January 1, 2020

Renting Hanbok in Seoul

Wearing Hanbok is always on the lists of things to do during a trip to Korea.

So on the first day of my trip to Seoul, I headed to Bukchon Hanok Village and rented myself a traditional Hanbok for a couple of hours.

A hanbok is the name given to traditional clothing in Korea. Around 1oo years ago, it was work every day but now it is mainly reserved for special occasions. The colours and patterns used to show off your class and marital status.

When I was picking my Hanbok, I loved looking through all of the beautiful patterns and designs that you could choose from. I opted for a pink flower design because I do love a good flower!

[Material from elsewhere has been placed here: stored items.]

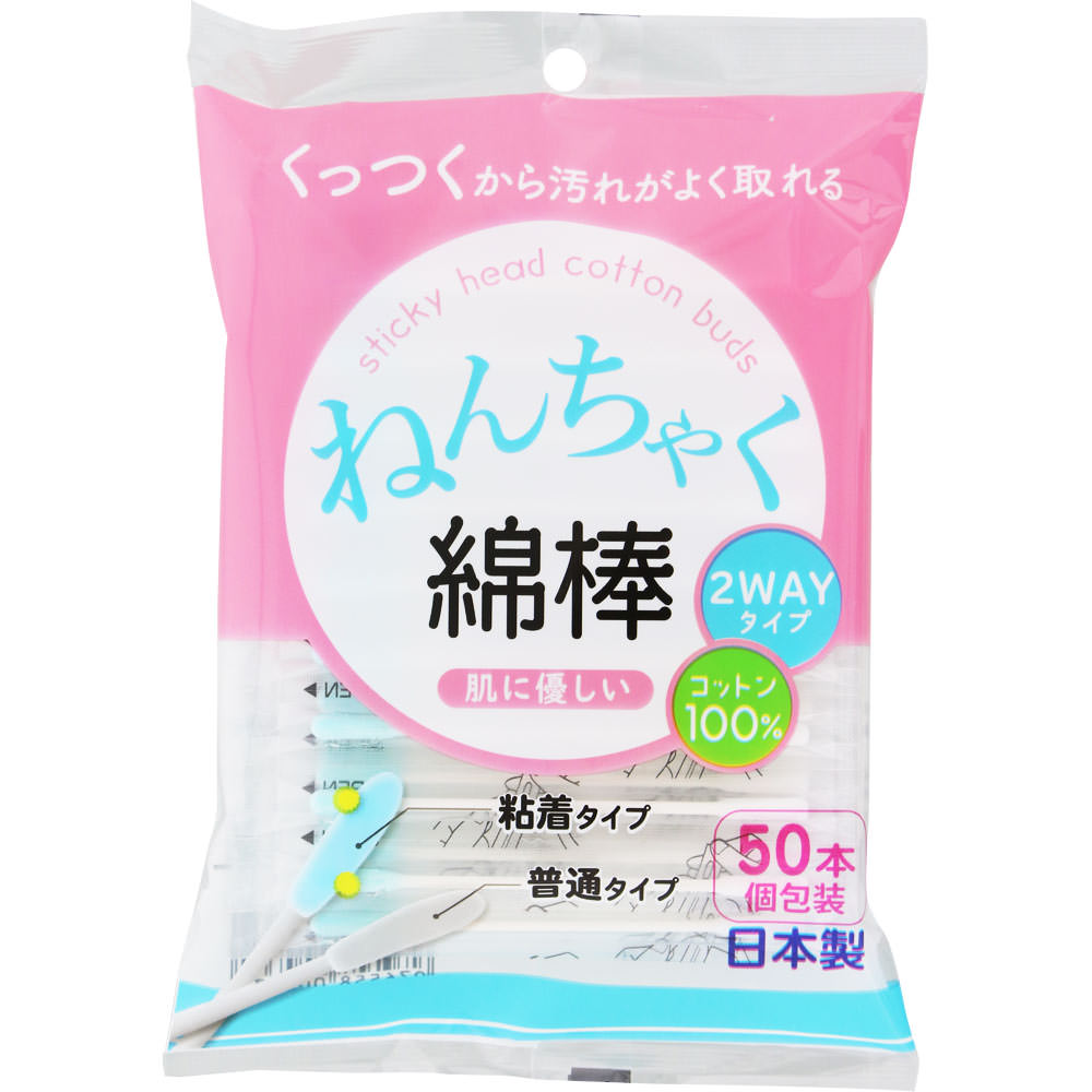 粘着タイプと普通タイプを1本におさめた2wayタイプの綿棒です。粘着タイプの水色の綿球で汚れをくっつけて取り、仕上げに普通タイプの綿棒で浮き上がった汚れをからめ取るようにご使用ください。キトサン抗菌加工で、1本ずつパックされているため衛生的です。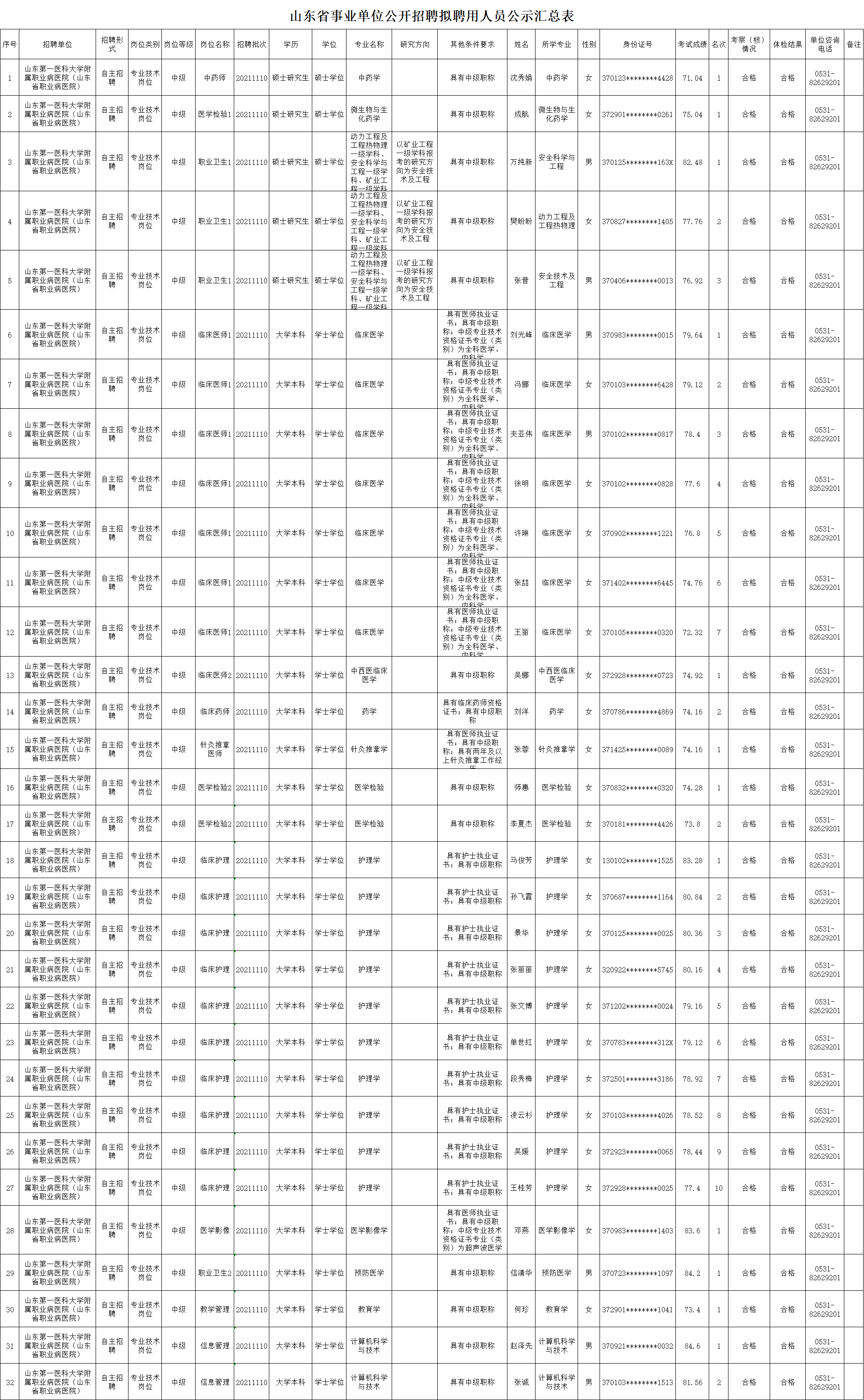 根据中共山东省委组织部、山东省人力资源和社会保障厅《关于印发2021年度省属事业单位公开招聘工作实施方案的通知》(鲁人社发〔2021〕7号)要求,按照岗位招聘计划,bobapp1中国有限公司附属职业病医院(山东省职业病医院)组织完成了公开招聘考试、考察、体检等工作,现对拟聘用人员进行公示。公示期为7个工作日,自2022年4月28日至2022年5月10日(不含节假日)。公示期间,如对公示人选有异议,请及时反映。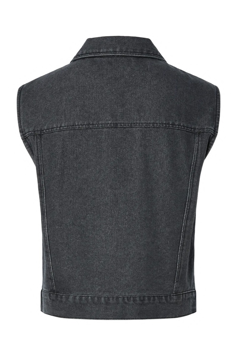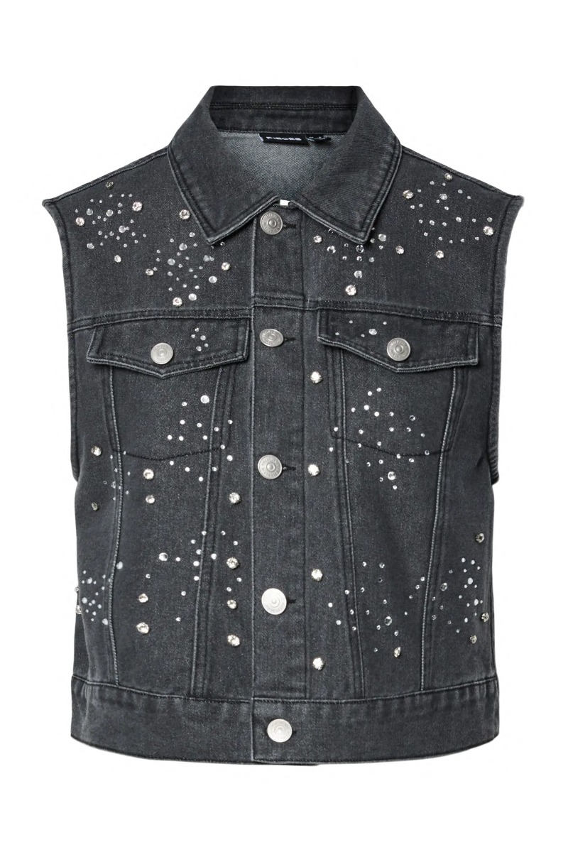 Pieces - Vest - Malika Rhinestone Denim Vest - Black washed (Levering start september)

Sophie wearing a pink and white Hanbok in Seoul

Is it okay to wear Hanbok?

I must admit before doing this, I was a bit concerned about whether a tourist wearing a traditional Korean dress would be considered cultural appropriation.

I read up on other blogs but I still couldn’t decide whether it was okay. A lot of people said “the locals love it” but it didn’t really convince me.

So I spoke to the Korean Tourist Board in London who were so lovely to take their time to respond to my concerns.

They explained that they often host events where they encourage people to try Hanbok as a way of learning more about Korean culture.

“It’s necessary to be respectful and exercise a bit of sensitivity,” they told me.

They also said that most Koreans are delighted to share traditional Korean culture and wearing Hanbok is something that encourages this.

Tip: Some palaces actually give you free entry if you’re wearing Hanbok in Seoul!

Where to rent a Hanbok

I got mine from Flowery Hanbok as it was recommended by Gina Bear’s Blog. There’s a good selection and it’s right at the beginning of the Hanok village.

They offer a range of services including Hanbok rental, hair braiding and make-up – although for the last two, you have to book them in advance.

The staff there are friendly and speak English, Korean and Mandarin. They help you put the Hanbok on and explain how you wear it. They’re also very patient when you’re choosing!

I was a bit worried about whether they’d have something that would fit me but actually they catered for all sizes.

Another good thing about Flowery Hanbok is that it’s very close to the palaces and folk museum. I felt a little self conscious in my Hanbok so was very grateful at not having to walk very far to get some good pictures.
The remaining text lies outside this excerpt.